Tuesday, November 15, 2011

Medical turmoil

November 15th... and I'm about ready to scream at the people at the clinic I'm so fed up.

So unfortunately this session is solely to vent about the ludacrisness of this medical and dental exams. I have to pay to get a pap smear and blood tests and all of these ridiculous things that are expensive and even though I have two jobs... I just can't deal with all of the medical expense, plus having to deal with bills, my car breaking down, my school life in an uproar, I'm tired of the ridiculousness just so tired. Plus I haven't even started the dental work because I know how expensive it's going to be for me, last time I checked about $2500. I'm just frustrated like crazy. There are so many things and I just don't have time to do it. I'm taking 16 credits, two jobs, my sorority, Student Government, The Ladybug Project (Internship in Ghana preparations), fund raising for Belize... and all of this is on a week to bi-weekly basis.

Who has time to sit in a medical office where the people have no idea what they're talking about? Every time I say that's not what the medical paper says they HAVE to say the opposite of what I'm telling them. I am so frustrated with my medical clinic because they are just a waste of time with this. It'd be cheaper and less ridiculous if I went to a free clinic 30 minutes away because perhaps then they'd be able to this with a real doctor and have a real stamp of approval. I'm just so frustrated and so tired of people being ignorant.
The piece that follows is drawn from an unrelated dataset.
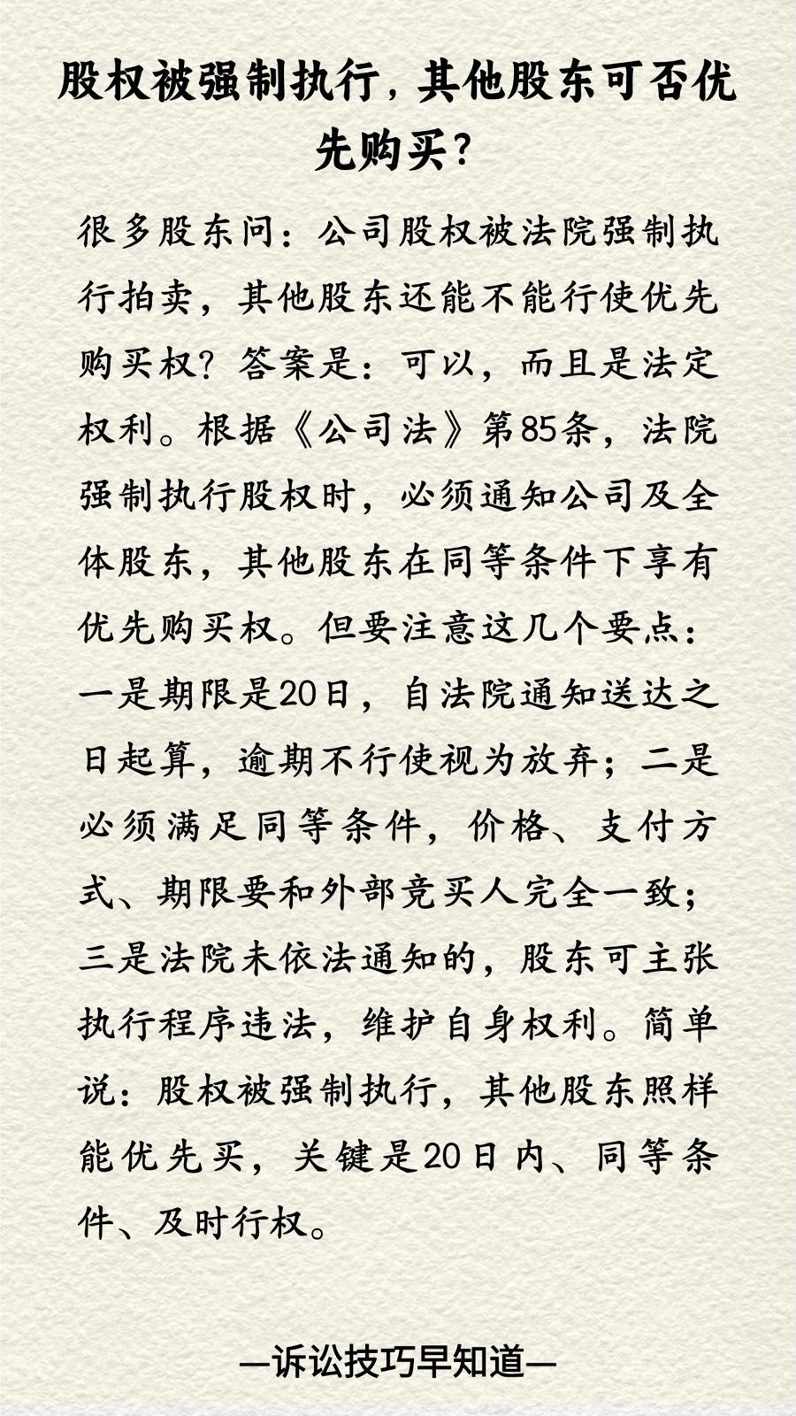 诉讼技巧早知道206|股权被强制执行,其他股东可否优先购买?

I am at my wits end with trying to figure it out with everything but I'm hoping to have it submitted by December. Being patient is harder than ever. Even though by then it will have been three months, there are just so many things coming at me that it's genuinely hard to take all this time out of my day. Plus the expenses. I'm just... over it all. But I want this so bad so I'm willing to work with it and get over the ridiculousness.

I am really interested in seeing how the holidays work this semester because it will be just as if I was in the Peace Corps. I won't be going to be with my family for Thanksgiving or Christmas, I won't be with friends... just working. It's interesting for sure how all of this in life will work out. With so many things to pay for, so many things to attend, so many things to do, sometimes I just want to leave these responsibilities and gain some that matter for other people. All I am doing now is things for myself, to get myself into the Peace Corps, to maintain my own sanity, to get all my classes done, so I can get myself to graduation, make sure I collect all my papers for service learning that I never submitted, fix my car, find money so I can go to Belize and Ghana... I'm just so selfish with my time and my life that I'm almost missing out on everything that's here, slowly distancing myself from some so that I won't miss them as much.

I am ready to leave but scared for the responsibilities. I feel as if my responsibilities here are nothing compared to the ones that I'll have in Africa. Though I think having different types of responsibilities will keep everything in perspective.

Well... thanks for letting me vent!!